“I want to throw the baby in the bin!”
There can be such an expectation for our older child to be as thrilled about the new baby as we are. And of course they often aren’t. Their world is changing and they can be really afraid of whether there will be enough love and attention for them.
You’ve probably heard this analogy before, but it’s a great one to remember: Imagine your husband or partner coming home with a younger, prettier wife which he’s really excited about. He keeps on kissing and cuddling her and insists that ‘you’re going to love her and have so much fun together’. Hmm, not too sure I’d be too pleased with the situation!

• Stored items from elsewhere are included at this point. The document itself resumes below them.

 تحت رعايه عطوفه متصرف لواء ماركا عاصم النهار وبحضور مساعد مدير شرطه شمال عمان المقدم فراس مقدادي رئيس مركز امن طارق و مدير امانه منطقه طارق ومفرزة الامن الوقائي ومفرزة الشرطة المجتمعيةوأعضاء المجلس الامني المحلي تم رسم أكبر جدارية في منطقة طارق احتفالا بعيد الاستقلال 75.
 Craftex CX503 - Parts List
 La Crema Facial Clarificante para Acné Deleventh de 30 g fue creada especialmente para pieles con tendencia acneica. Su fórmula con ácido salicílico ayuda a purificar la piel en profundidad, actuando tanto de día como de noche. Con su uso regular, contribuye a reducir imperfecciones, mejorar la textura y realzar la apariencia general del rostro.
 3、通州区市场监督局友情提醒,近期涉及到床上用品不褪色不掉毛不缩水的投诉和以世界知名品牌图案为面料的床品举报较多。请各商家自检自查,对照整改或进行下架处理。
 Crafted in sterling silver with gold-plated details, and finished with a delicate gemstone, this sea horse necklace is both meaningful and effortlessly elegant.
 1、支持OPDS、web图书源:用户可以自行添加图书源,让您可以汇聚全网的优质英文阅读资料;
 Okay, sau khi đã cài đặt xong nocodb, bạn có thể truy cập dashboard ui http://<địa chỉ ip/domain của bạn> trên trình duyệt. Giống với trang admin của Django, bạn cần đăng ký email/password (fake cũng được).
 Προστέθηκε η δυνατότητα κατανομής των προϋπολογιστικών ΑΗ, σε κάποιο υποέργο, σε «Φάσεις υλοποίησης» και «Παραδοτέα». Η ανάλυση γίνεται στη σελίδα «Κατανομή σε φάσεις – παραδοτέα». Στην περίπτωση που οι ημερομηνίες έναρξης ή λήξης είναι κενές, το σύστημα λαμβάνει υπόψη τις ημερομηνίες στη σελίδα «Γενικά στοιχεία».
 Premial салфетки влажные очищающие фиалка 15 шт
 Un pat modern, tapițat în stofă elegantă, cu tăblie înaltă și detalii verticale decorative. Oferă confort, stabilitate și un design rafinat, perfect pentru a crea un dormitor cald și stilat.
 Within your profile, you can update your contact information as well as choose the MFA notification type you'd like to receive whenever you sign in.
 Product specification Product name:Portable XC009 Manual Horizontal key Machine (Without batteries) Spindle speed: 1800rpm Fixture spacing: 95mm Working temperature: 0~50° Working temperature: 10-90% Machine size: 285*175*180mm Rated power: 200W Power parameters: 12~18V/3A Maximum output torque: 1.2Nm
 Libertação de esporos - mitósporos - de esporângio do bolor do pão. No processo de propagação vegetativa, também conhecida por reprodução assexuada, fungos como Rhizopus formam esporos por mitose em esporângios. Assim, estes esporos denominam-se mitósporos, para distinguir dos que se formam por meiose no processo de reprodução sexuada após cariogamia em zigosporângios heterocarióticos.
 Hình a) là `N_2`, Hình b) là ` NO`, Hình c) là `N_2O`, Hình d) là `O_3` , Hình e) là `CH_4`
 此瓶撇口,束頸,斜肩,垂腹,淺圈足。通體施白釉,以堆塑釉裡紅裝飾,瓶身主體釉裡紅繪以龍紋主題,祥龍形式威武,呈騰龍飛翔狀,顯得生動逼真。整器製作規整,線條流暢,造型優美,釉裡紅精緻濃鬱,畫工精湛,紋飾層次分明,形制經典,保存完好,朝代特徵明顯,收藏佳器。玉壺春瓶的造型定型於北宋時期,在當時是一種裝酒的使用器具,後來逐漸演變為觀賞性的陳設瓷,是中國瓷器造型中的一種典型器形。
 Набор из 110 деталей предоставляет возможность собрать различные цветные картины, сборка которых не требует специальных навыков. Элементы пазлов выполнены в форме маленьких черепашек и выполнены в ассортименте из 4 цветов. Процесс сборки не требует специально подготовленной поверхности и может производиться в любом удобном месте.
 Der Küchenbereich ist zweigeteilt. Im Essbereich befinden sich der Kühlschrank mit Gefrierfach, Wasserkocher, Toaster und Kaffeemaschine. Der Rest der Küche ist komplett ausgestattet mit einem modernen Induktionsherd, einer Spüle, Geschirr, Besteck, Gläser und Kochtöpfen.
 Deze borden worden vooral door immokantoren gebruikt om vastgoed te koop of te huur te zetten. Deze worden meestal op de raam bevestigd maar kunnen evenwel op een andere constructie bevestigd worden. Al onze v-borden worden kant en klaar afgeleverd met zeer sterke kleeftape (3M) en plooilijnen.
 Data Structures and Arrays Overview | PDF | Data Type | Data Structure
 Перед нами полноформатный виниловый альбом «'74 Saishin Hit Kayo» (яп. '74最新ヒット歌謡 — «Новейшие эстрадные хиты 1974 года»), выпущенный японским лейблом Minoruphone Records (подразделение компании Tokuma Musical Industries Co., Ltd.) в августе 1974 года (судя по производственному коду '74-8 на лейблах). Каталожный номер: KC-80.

So we need to allow our children to have their feelings, even if it’s not what we want to hear. The more we can enable them to express what’s really going on for them with us, regardless of how unpleasant it is, the less likely they are to actually take it out on the baby or misbehave in those early days and weeks.
So how can we do that?
Accept that they are going to be worried
This is really the first place in any change. Just realising that they are going be anxious about what the change is going to mean for them is so important. Yes, they are also going to be excited, but there is still going to be a fear of the unknown.
Allow your children to freely express their worries with you
Now, if only they would say their fears in a rational, calm manner!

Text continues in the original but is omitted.